The records: Begin
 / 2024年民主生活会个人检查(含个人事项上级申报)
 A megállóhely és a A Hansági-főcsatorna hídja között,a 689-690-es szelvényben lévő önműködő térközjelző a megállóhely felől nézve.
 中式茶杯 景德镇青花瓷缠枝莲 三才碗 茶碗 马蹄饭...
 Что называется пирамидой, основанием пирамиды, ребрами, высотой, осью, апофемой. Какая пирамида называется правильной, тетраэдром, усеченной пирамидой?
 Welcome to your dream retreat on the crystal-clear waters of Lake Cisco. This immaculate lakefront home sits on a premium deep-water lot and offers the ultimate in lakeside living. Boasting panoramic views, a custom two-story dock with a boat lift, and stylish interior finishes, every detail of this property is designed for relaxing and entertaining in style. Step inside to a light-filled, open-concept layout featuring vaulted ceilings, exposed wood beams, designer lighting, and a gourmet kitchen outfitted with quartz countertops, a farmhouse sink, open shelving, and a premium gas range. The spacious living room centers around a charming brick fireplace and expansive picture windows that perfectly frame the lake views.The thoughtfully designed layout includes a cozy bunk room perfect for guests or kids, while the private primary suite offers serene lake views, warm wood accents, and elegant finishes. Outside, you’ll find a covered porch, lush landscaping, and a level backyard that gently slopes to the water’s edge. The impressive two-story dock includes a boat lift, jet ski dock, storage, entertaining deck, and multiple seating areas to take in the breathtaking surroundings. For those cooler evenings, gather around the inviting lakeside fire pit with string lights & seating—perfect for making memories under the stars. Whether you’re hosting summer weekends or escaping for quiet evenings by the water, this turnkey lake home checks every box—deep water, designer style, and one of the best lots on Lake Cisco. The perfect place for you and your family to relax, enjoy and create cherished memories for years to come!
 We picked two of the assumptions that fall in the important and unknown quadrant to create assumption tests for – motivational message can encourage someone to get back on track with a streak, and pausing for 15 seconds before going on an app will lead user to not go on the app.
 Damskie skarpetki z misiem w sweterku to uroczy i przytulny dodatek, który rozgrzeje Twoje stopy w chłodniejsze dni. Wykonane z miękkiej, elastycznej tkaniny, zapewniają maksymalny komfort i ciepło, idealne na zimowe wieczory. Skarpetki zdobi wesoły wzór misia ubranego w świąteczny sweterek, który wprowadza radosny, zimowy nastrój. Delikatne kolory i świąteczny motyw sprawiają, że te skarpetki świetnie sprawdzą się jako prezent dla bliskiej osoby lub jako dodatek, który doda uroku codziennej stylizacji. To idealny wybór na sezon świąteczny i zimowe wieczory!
The records: End
The records: Begin
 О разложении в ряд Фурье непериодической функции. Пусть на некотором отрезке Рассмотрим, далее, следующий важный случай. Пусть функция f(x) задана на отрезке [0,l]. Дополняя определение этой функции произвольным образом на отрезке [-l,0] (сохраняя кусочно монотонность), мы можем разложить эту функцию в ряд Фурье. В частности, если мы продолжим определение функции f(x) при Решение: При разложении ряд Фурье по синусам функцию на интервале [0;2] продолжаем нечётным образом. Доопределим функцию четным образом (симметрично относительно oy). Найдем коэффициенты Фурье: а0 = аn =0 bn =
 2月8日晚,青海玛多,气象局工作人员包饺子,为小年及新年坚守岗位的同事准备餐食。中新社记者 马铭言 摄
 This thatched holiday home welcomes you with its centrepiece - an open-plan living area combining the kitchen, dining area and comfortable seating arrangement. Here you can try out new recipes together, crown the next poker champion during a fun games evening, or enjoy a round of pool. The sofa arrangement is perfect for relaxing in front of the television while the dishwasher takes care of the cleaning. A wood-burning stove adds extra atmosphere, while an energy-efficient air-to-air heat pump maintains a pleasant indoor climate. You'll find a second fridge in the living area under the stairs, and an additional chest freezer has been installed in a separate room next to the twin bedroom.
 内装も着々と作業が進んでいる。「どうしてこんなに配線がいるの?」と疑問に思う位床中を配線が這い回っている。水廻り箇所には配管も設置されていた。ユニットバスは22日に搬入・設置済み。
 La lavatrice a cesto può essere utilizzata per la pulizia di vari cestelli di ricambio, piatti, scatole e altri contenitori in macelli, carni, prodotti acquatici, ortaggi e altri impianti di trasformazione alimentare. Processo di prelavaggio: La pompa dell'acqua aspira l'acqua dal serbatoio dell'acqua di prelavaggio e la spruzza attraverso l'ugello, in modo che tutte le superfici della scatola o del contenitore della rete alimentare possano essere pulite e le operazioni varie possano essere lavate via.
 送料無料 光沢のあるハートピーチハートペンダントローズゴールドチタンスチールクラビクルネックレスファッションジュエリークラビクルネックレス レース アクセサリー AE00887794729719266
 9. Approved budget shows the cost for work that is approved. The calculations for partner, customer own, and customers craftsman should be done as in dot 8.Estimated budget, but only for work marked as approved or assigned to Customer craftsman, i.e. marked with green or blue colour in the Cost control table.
The records: End
Work request:
From the entries above, restate word for word the lines from the line containing "中式茶杯 景德镇青花瓷缠枝莲 三才碗 茶碗 马蹄饭..." to the line containing "Что называется пирамидой, основанием", both ends included, and nothing more.

Solution for this problem:
 中式茶杯 景德镇青花瓷缠枝莲 三才碗 茶碗 马蹄饭...
 Что называется пирамидой, основанием пирамиды, ребрами, высотой, осью, апофемой. Какая пирамида называется правильной, тетраэдром, усеченной пирамидой?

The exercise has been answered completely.